29 thoughts on “MIT Breaks Autonomous Drone Speed Limits By Not Sweating Obstacles

  1. “Basically, it gathers just enough information to know that it’s in a “certain area”, and then plans its flight path accordingly. It doesn’t attempt to calculate its exact location and orientation.”

    That’s life really, isn’t it?

        1. Love the effort, but I cant help to think this is over engineering! Insects do this much simpler. Use the sun for direction, The horizon for attitude and height. and contrast and pattern size to determine if they are about to fly into something. They only have QVGA non stereoscopic vision, and they manage because their flight speed is low enough to not hurt them when they hit objects. Kinects sensors and fpgas on a drone is overkill!

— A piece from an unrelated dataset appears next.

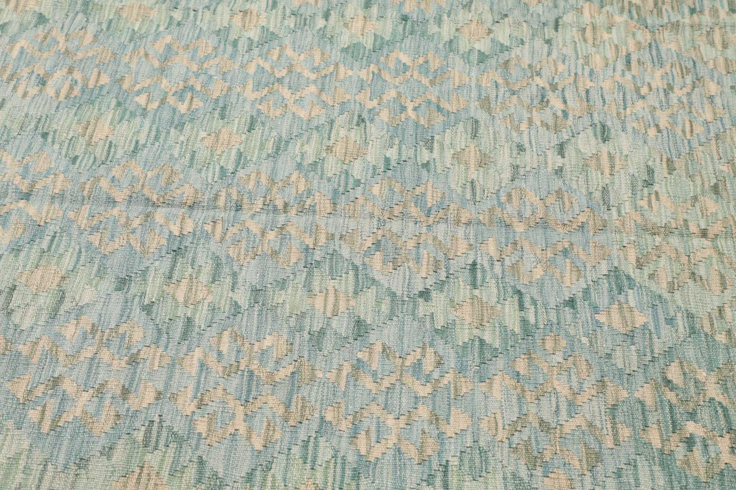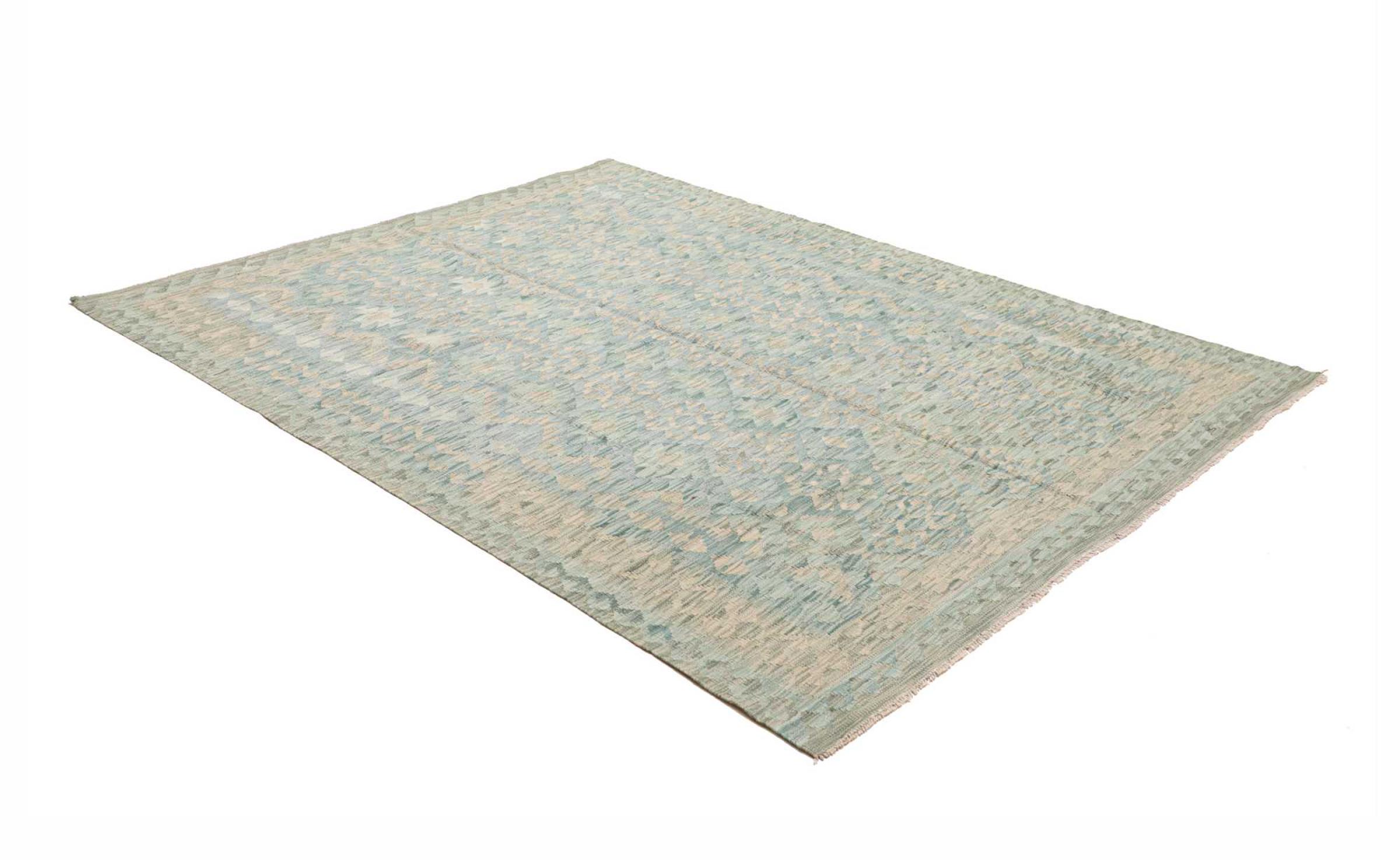 This rug was made as a flat weave by hand on a loom. Flatweave is the term used to describe rugs that have no pile. As the name promises, these rugs are woven and not knotted. This results in a flat rug with a structured surface. Flatweaves are not as soft and usually thinner than knotted rugs. At the same time they are much less complex to manufacture and can usually be laid out from both sides (front and back). Their patterns are usually geometric, which is determined by the fabric.

        1. they can’t as everything I’ve seen on the “quantum brain” hypothesis is completely theoretical with no physical proof nor real would study to back it up. it honestly come off more as a last ditch effort to save the over inflated idea of “free will” by throwing buzz words at it instead of excepting we’re more deterministic then we’d like to believe.

          as in the end there’s no reason to believe a quantum brain would be any less deterministic other then the “magic” most people feel that surrounds the word.

          1. I think the phrase “Quantum effects” is just the new stylish expression for what us old school guys would call a “random number generator” pseudo or otherwise. None of that spooky action-at-a-distance quantum stuff. :-)

            BTW, I’d say the jury is still out on the concept of “free will”. What we call quantum effects may be related as a component of the mind-body relationship but we really don’t know what that’s all about and I’d be suspicious of anyone going around saying they did. Can a soul do something that is outside his own nature? Some say yes, others no. I’m not sure yet. :-)

  2. ” Let us know in the comments if you plan to use this new and exciting technology in your next autonomous project!”

    I think there’s a little matter of creating a drone with the needed hardware.

  3. “All autonomous drones have a speed limit, which is dependent on the amount of obstacles it must avoid.”
    Is that necessarily true? If the depth camera has a fixed resolution you have a fixed number of obstacles, one for each pixel.

    “amount of obstacles are too man it becomes impossible”
    “too many”?

  4. “…only crashes 2% of the time.”
    I could be wrong, but 2% seems awful high when it comes to the crash rate of a moving vehicle. If I had crashed my car 2% of the time, I would have lost my license 30 years ago (provided I had even survived those crashes).

      1. You do realize that with the work being done at MIT, it means that the technology is at a TRL3 or 4 level. That means it is experimental, hasn’t been productized and isn’t out on the market. 2% failure rate at this point in development is pretty damn good. The algorithm is unrefined and is a proof of concept.